(Exercise data):
· · · · · · ·

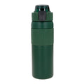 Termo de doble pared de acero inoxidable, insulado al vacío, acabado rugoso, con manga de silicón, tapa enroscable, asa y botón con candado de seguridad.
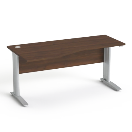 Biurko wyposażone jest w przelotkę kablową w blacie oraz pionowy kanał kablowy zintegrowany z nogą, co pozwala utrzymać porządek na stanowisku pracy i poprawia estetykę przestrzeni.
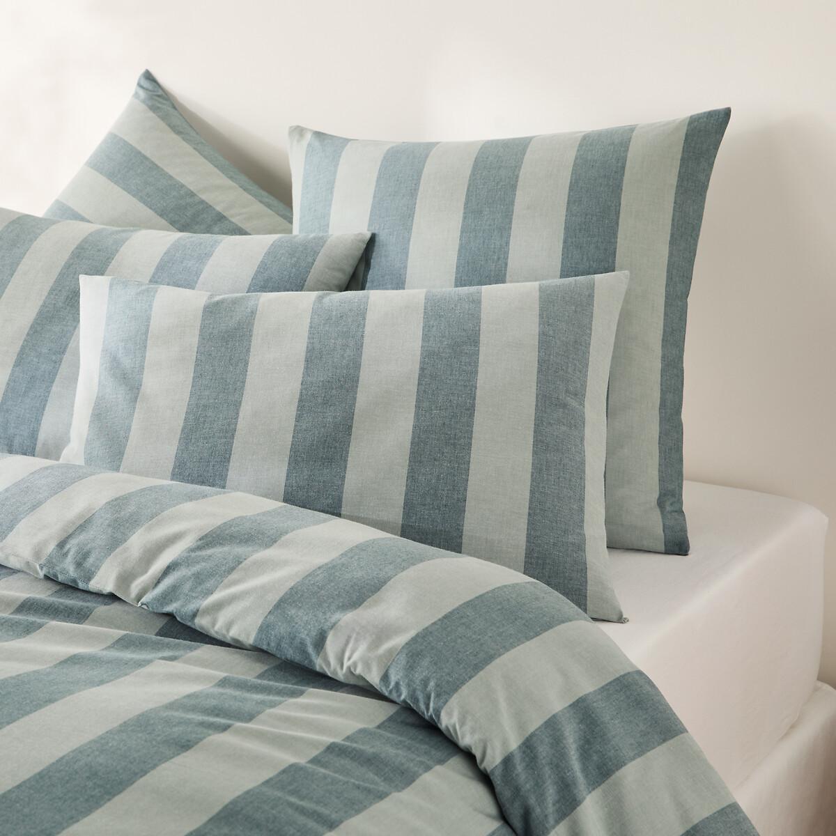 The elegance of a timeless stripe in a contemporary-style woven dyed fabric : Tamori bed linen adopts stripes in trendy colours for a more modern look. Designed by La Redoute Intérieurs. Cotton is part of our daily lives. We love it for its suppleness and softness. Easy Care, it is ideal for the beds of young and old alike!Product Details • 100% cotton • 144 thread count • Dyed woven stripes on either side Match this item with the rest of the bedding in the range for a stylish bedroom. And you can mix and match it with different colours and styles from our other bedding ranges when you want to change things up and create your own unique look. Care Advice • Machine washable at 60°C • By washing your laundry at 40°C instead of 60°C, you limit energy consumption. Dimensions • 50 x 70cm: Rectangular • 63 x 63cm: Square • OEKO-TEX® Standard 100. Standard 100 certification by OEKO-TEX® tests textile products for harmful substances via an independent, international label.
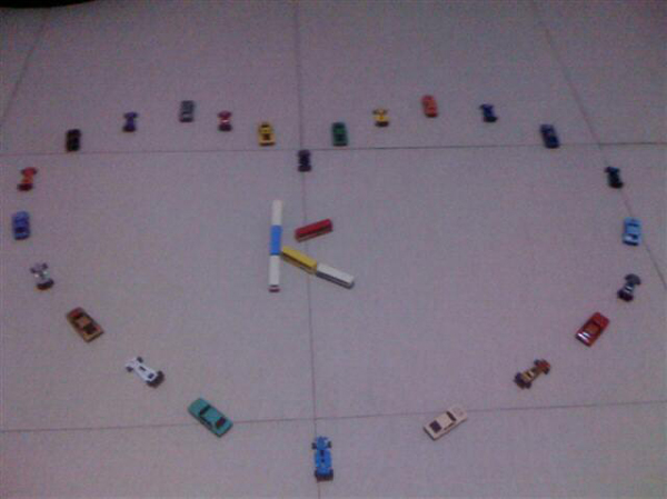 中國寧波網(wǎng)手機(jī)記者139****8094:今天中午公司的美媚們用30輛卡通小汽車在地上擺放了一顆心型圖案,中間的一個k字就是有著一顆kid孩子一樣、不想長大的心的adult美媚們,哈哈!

· · · · · · ·

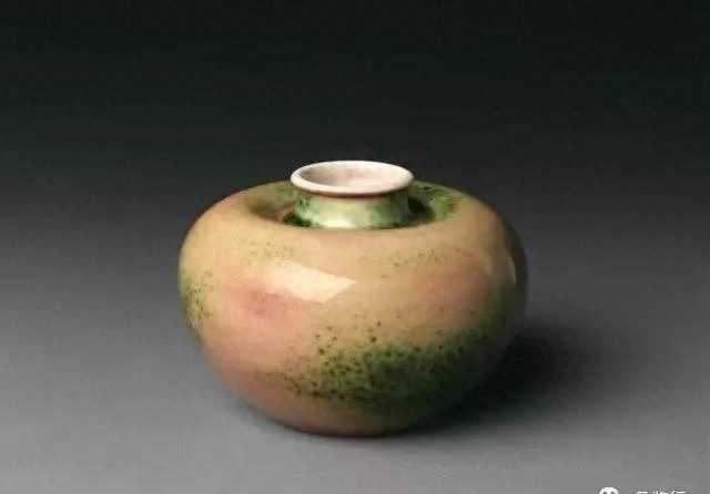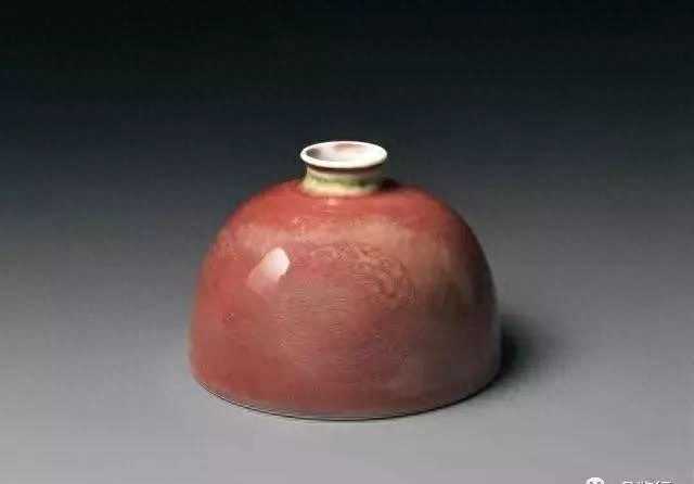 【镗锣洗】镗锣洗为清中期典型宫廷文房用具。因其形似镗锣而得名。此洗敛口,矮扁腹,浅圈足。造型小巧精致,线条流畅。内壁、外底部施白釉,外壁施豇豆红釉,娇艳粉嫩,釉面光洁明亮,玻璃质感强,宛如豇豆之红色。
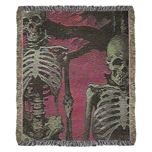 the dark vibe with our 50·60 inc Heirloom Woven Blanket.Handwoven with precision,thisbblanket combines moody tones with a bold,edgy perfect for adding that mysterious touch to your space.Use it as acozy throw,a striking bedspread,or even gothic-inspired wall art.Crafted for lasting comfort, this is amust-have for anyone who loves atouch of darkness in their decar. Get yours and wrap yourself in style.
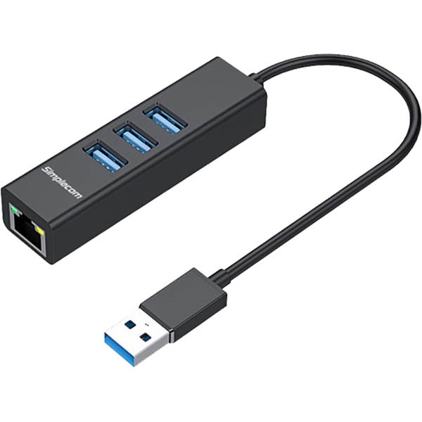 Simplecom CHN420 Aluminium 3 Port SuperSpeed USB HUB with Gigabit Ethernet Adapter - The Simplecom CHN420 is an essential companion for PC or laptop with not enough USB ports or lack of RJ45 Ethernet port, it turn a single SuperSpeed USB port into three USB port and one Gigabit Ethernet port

· · · · · · ·

(Task goal):
Reproduce exactly the lines above starting at the line containing "Termo de doble" and ending at the line containing "中國寧波網(wǎng)手機(jī)記者1", including both, but not the pictures.

(Solution to the problem):
 Termo de doble pared de acero inoxidable, insulado al vacío, acabado rugoso, con manga de silicón, tapa enroscable, asa y botón con candado de seguridad.
 Biurko wyposażone jest w przelotkę kablową w blacie oraz pionowy kanał kablowy zintegrowany z nogą, co pozwala utrzymać porządek na stanowisku pracy i poprawia estetykę przestrzeni.
 The elegance of a timeless stripe in a contemporary-style woven dyed fabric : Tamori bed linen adopts stripes in trendy colours for a more modern look. Designed by La Redoute Intérieurs. Cotton is part of our daily lives. We love it for its suppleness and softness. Easy Care, it is ideal for the beds of young and old alike!Product Details • 100% cotton • 144 thread count • Dyed woven stripes on either side Match this item with the rest of the bedding in the range for a stylish bedroom. And you can mix and match it with different colours and styles from our other bedding ranges when you want to change things up and create your own unique look. Care Advice • Machine washable at 60°C • By washing your laundry at 40°C instead of 60°C, you limit energy consumption. Dimensions • 50 x 70cm: Rectangular • 63 x 63cm: Square • OEKO-TEX® Standard 100. Standard 100 certification by OEKO-TEX® tests textile products for harmful substances via an independent, international label.
 中國寧波網(wǎng)手機(jī)記者139****8094:今天中午公司的美媚們用30輛卡通小汽車在地上擺放了一顆心型圖案,中間的一個k字就是有著一顆kid孩子一樣、不想長大的心的adult美媚們,哈哈!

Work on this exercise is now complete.